Previous Post
Next Post

photo 1

As I’d alluded to in my discussions of laying down arms and enjoying some live country music, Mrs. Kee and I are on vacation. We rented a nice car (I see why RF drives a Mercedes), took some time off from Austin, and headed over to The Natural State to watch some country shows and eat some good food. Back when I still rode motorcycles, a trip to Hot Springs was my first “big” trip. I was 15 and riding a very well used (and loved) Kawasaki Ninja 250. I learned a lot about decreasing radius turns and conservation of momentum riding that bike up and down Highway 7 between Hot Springs and Southern Missouri . . .

Eventually, I was sidelined by a cupping front tire and had to park it for the rest of the weekend. I still distinctly remember my first inexplicable front end vibration. I also remember our first father son experience that included me pulling over, waiting for my dad to realize I wasn’t behind him anymore, and his panicked, high speed return to find his son on the side of the road with his helmet off.
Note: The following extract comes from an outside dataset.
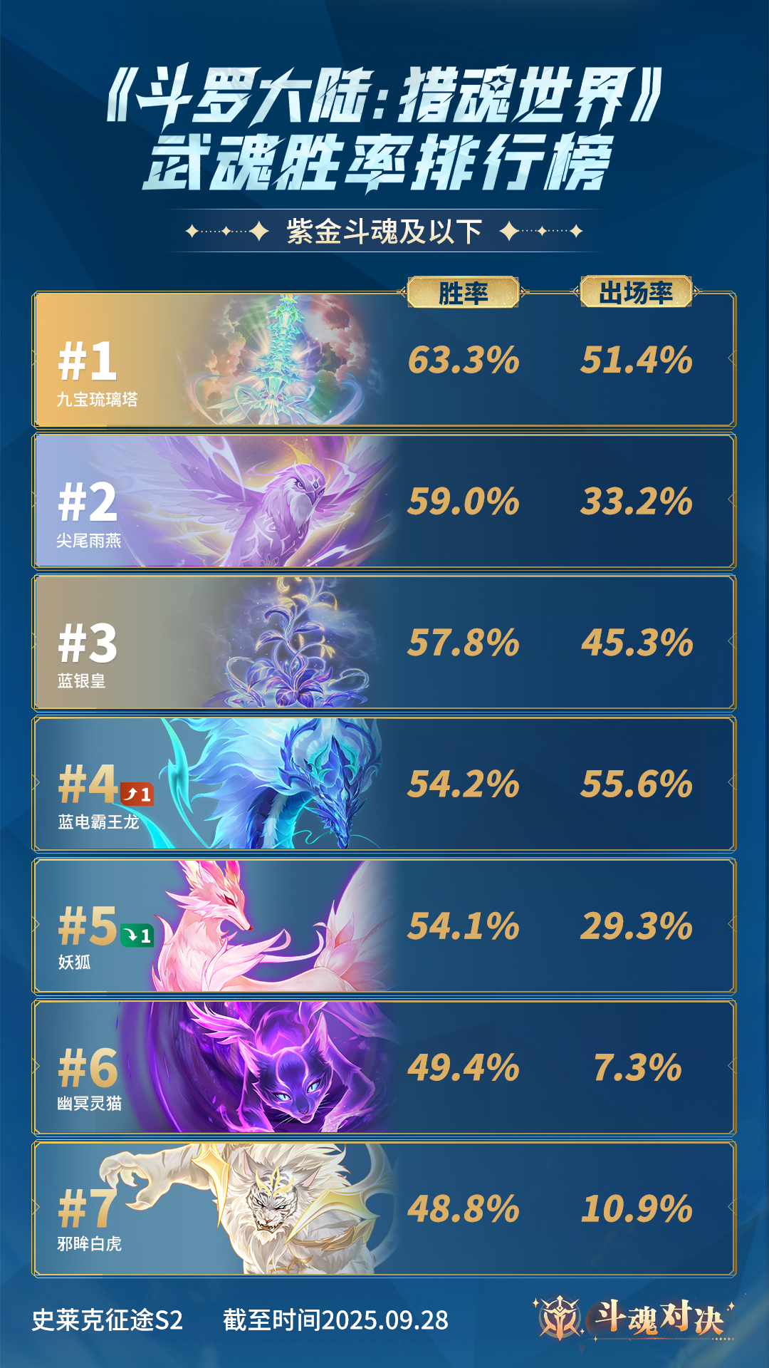 本期紫金斗魂及以上段位的胜率前三名为:
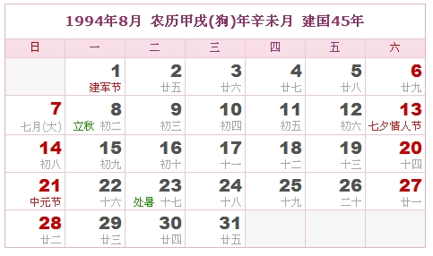 1994年8月 农历甲戌(狗)年辛未月 建国45年

Once he realized that I hadn’t wadded myself up on the side of the road, but had made the decision to pull over for further diagnosis, he calmed down a bit and we talked about our options. I remember even then thinking that if my tire had gone kaput, I would have been a looooong way from help.

As I carved through those same turns a bit older, married, and wrapped in fine German leather, I drifted back to my first real riding experience. Like it was yesterday, I remember how my Arlen Ness mesh jacket scraped up the skin on my forearms. I had a First Gear jacket that was arguably more comfortable, but I remember how damn cool the Arlen Ness was. And since I was around “real” motorcyclists for the first time, and my Ninja 250 was decidedly uncool, I wanted to make sure those guys and gals knew that I was a cool guy. But damn, that jacket was uncomfortable.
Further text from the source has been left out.